*Work instruction*. Restate word for word the section of the entries that opens at the line containing "Karlos Arguiñano enseñó" and closes at the line containing "紙箱入り。上質の原料を使用し", both lines kept, pictures dropped.

*Information given*.
[Start of Attachment]
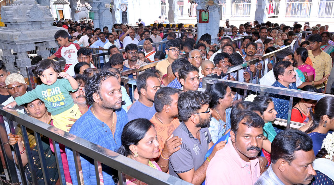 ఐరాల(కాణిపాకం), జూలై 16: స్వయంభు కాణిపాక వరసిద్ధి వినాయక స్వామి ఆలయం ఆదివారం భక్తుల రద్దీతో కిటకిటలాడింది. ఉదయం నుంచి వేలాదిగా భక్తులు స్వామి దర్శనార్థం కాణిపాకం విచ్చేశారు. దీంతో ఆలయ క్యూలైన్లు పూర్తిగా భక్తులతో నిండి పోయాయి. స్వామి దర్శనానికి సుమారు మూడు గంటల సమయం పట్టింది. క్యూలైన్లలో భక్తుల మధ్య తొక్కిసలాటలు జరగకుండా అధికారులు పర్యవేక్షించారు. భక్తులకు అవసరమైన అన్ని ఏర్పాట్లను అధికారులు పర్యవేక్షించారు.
[End of Attachment]
[Start of Attachment]
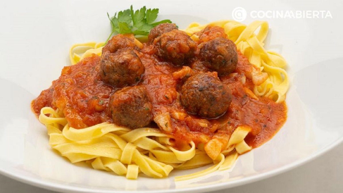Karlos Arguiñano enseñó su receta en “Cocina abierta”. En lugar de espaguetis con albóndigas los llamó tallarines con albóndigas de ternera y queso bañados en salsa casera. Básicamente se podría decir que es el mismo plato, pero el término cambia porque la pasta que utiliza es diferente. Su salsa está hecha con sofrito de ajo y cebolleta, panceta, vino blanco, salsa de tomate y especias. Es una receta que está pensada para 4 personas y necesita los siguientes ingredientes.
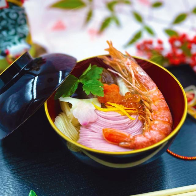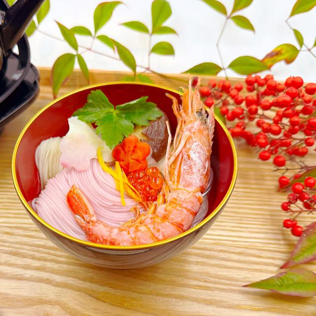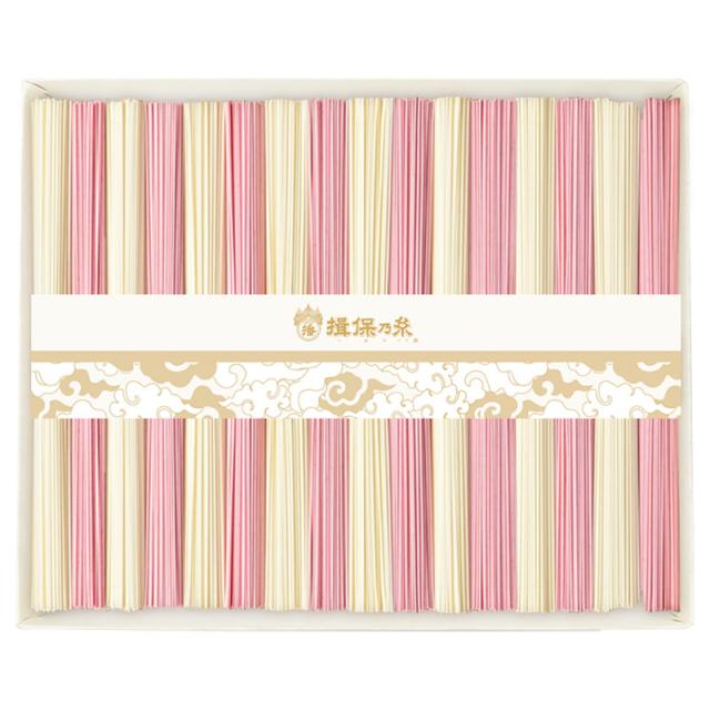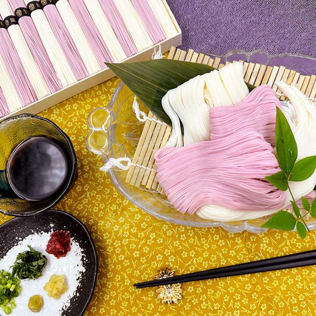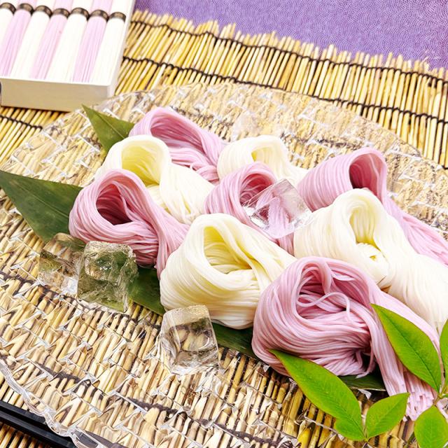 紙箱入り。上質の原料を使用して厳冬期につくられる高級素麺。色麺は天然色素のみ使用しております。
[End of Attachment]
[Start of Attachment]
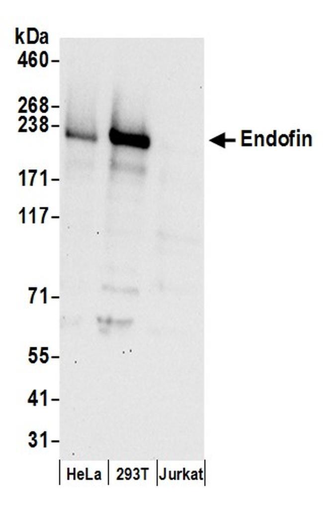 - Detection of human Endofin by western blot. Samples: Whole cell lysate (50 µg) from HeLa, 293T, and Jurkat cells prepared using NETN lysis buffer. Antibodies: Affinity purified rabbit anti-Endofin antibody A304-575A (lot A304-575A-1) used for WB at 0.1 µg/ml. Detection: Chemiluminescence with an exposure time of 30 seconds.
[End of Attachment]
*The completed task*.
Karlos Arguiñano enseñó su receta en “Cocina abierta”. En lugar de espaguetis con albóndigas los llamó tallarines con albóndigas de ternera y queso bañados en salsa casera. Básicamente se podría decir que es el mismo plato, pero el término cambia porque la pasta que utiliza es diferente. Su salsa está hecha con sofrito de ajo y cebolleta, panceta, vino blanco, salsa de tomate y especias. Es una receta que está pensada para 4 personas y necesita los siguientes ingredientes.
 紙箱入り。上質の原料を使用して厳冬期につくられる高級素麺。色麺は天然色素のみ使用しております。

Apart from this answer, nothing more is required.